That vision can contain dark elements-but not exclusively dark. Moods, heroes and heroines change. But a few things are obvious as you track the Academy Award view of America. Traditionally, edgy or contrarian views often finish second best. In Oscar contests, it's not always strategic to be too brilliant (as mavericks from Orson Welles to John Cassavetes, Stanley Kubrick and Martin Scorsese have learned.) The America that movie professionals usually like to watch is one in which they'd probably like to live: picturesque, physically beautiful, full of humor, life and idealism. A good guy's America.

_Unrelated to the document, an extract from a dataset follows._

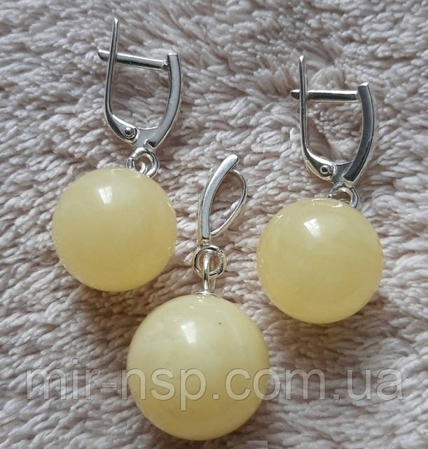 Набір Сережки та Кулон з 100% натурального пейзажного бурштину вага 8,5 г кулі 14 і 16 мм

Our movies deal with raw reality-and also with dreams. And movie professionals, as much as movie audiences generally, like to escape. In many cases the Oscar prize-winning films offer grand escapes into the past ("Gone With the Wind," "The Sting") or another country ("An American in Paris" "Around the World in 80 days," "Out of Africa"). So the world we discover through them is always a little old, a little fantasized, never quite in synch with ours.

But does it matter? Sometimes, as Freud believed, you can learn as much from a society's dreams as from its reality.

Twenties

The Times: The Roaring '20s. Oct. 28, 1929: The stock market crashes. The Great Depression begins.

The Presidents: Calvin Coolidge, Herbert Hoover.

The Movie Industry: Talking pictures, after 1927's "The Jazz Singer," supplant silent movies. The Academy of Motion Picture Arts and Sciences is formed.

The "Best Picture" Oscar Winners: "Wings" (1927-'28) ("Sunrise" (1927-'28)). "Broadway Melody" (1928-'29). "All Quiet on the Western Front "(1929-'30).

America probably never will be quite as simple again as it is in these early Oscar winners. Forgetting the corrosive "All Quiet on the Western Front," set in World War I-era Germany, these movies suggest that whatever the problem or danger, a good heart will triumph over society's evils.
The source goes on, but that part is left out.